Дик бесцельно прогуливался по квадратному двору, образованному стенами зданий, и невольно любовался окружающей красотой – смотрел на золотисто-серую часовню с резкими геометрическими тенями, черневшими между контрфорсами, разглядывал великолепные сооружения из розового кирпича, выстроенные в тюдоровском стиле[7]. На крышах в ярких солнечных лучах блестели флюгеры, где-то с шумом вспархивали голуби. На Дика с новой силой напала тоска, и сегодня, на фоне всей этой благодати, ему было особенно тяжело.
Неожиданно из темной пасти туннеля, в конце которого скрывалась маленькая дверь (одна из двух, расположенных по краям жилого корпуса), на свет вышел человек. Это был Фрэнсис Кварлс, облаченный в белую фланель и солнечное сияние. Он возник перед глазами Дика, словно откровение, – яркий, красивый, стремительный. У Дика перехватило дыхание, сердце екнуло, желудок сжался, слегка закружилась голова. Гринау влюбился.
Фрэнсис прошел мимо, даже не обернувшись. Он шагал с гордо поднятой головой, сонно глядя из-под полуопущенных век.

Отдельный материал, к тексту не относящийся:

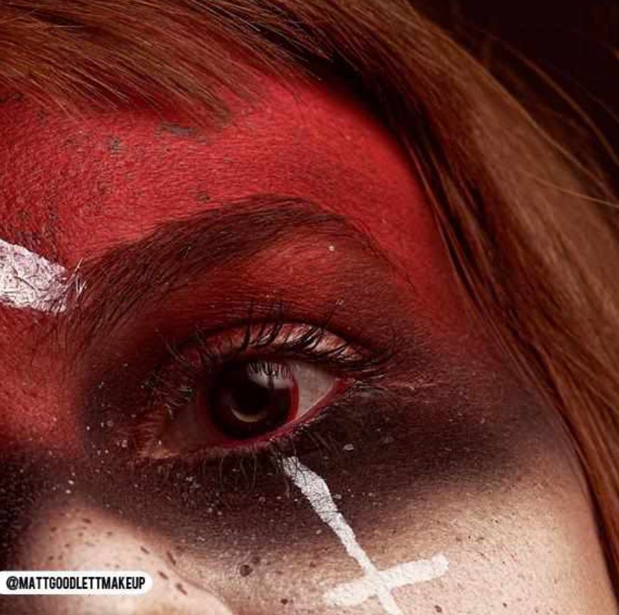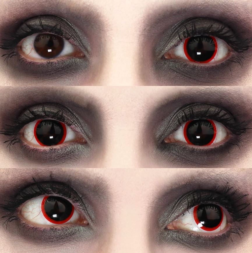 Lenses feature a transparent pupil with an opaque black iris and red outer ring. This design widens eyes and gives a dramatic possessed look.

Фрэнсис удалился, и для Дика померк солнечный свет, любимый квадратный двор превратился в тюремный «колодец», а голуби – в отвратительных поедателей мертвечины. Позади раздались приветственные возгласы Партингтона и Гая, но Дик молча ушел прочь. Господи! Как же он ненавидел этих ребят, их желтые, некрасивые лица, их жалкую, глупую болтовню!

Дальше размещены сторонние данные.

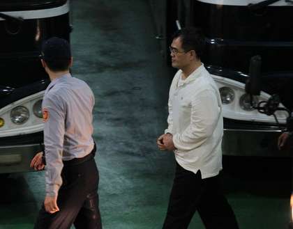 林益世由法警押解到臺北地方法院。(圖片來自臺媒)

Несколько недель после происшествия во дворе с Диком творились странные вещи – впервые в жизни он взялся писать стихи. Один из сонетов начинался так:
Он снова и снова повторял про себя фразы «с холмов Аркадии» и «божественному слуху наслажденье» и после долгих размышлений решил оставить первый вариант «для своей лиры вдохновенье» – он более гладко и мелодично ложился в строку. Какой замечательный вышел сонет! Почти, как у Китса[8]. Нет, даже лучше – ведь Дик сочинил эти строки сам!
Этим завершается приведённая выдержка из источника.